1. Use GPREPARE to update the raw data headers and attach the mask definition file (MDF) as a binary table. The other tasks will call GPREPARE as needed if this step is omitted.

2. Use GBIAS to create a bias image.

3. Use GSFLAT to derive normalized flat fields. The spectral flats taken using GCAL usually have very large variations in the illumination as a function of wavelength.

4. Use GSREDUCE to trim the images, subtract the overscan level (if requested), subtract the bias image, subtract the scaled dark image (if requested), mosaic the data from the separate CCDs together, divide by the flat field, interpolate across the detector gaps in the GMOSAICd image, calculate and apply an approximate wavelength solution, cut and write the data from slitlets into separate science extensions (MOS data), and add the object title to each output extension (MOS data). GIREDUCE will also create and attach data quality and variance planes if requested (fl_vardq=yes). The dark current for GMOS is low enough that subtraction of the dark image is normally not needed and one should use fl_dark=no. GSREDUCE can call GSCRREJ, use fl_crrej=yes. The rejection of cosmic ray hits is done after the bias subtraction, but before the images are mosaiced and flat fielded. Thus, GSCRREJ is run on images that have not been interpolated.

5. Use GSWAVELENGTH to establish an accurate wavelength calibration from calibration arc images.
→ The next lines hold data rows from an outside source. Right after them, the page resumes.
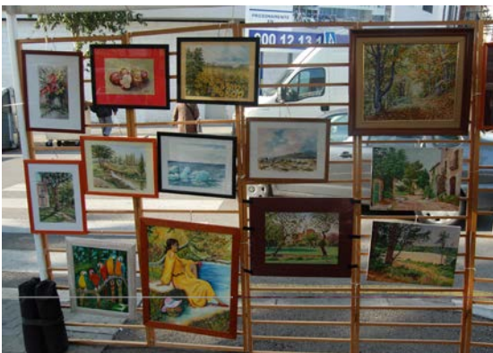
Lluisas Colomé i Babot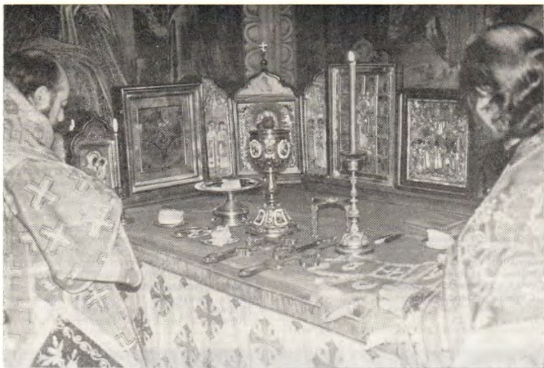
У святого жертвенника в Покровском соборе Русского Пантелеимонова монастыря

святой Анны, в Дохиарской, Есфигменской и Иверской обителях, на пирге Ставроникитского монастыря и в скиту святого Иоанна Предтечи.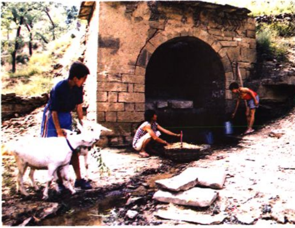
左图：西贺家石人赖以生存的井泉（2002年摄）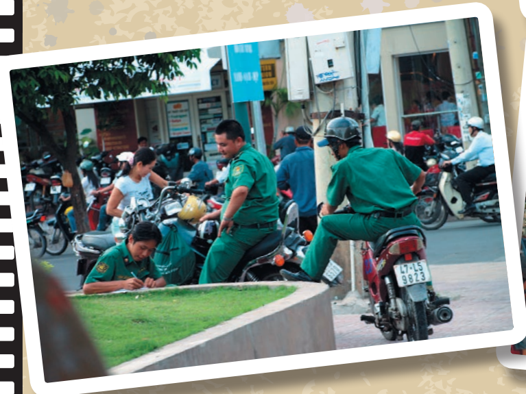
zapisy w notatniku służbowym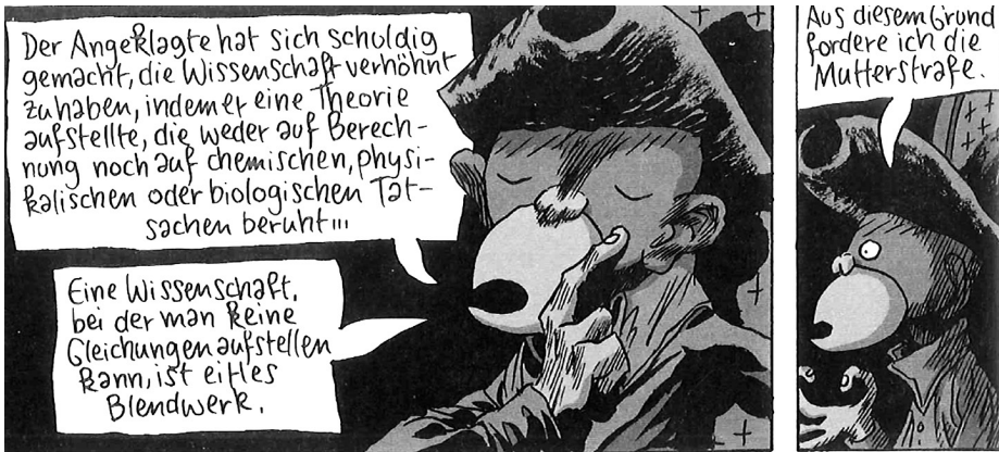
Abb. 2: Freud vor Gericht 35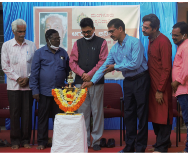
ಮಾತಾನ್ಮಾಡುತ್ತಾ ಕುವೆಂಪು ಅವರು ಹೆಚ್ಚಿಟ್ಟು ಜ್ಞಾನ ದೀಪ್ತಿಯ ಬೆಳಕೆಲ್ಲ ಎಲ್ಲಾ ವಿದ್ಯಾರ್ಥಿಗಳೂ, ಯುವಕರು ತಮ್ಮ ಜಿಂತನೆಯ ಹರವನ್ನು ವಿಸ್ತರಿಸಿಕೊಳ್ಳ ಬೇಕು ಎಂದು ತಿಳಿಸಿದರು.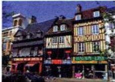
Evreux — Maisons à colombage

6. Use GSTRANSFORM to apply the wavelength solution to the science images and rectify the two dimensional images prior to sky subtraction. GSTRANSFORM can also be applied to the calibration arc image to quantify the accuracy of the wavelength solution.

7. Use GSSKYSUB to subtract the sky from the spectral images.

8. Use GSEXTRACT to extract one-dimensional spectra from the two-dimensional spectra.


GSSTANDARD can be used to establish a sensitivity function from GSREDUCEd standard star spectral data. The output from GSSTANDARD can be used by GSCALIBRATE on either the two dimensional or GSEXTRACTed science data.


Example reduction scripts are available, see GMOSEXAMPLES.


The tasks in the GMOS package have been tested with up to three extension MEF files.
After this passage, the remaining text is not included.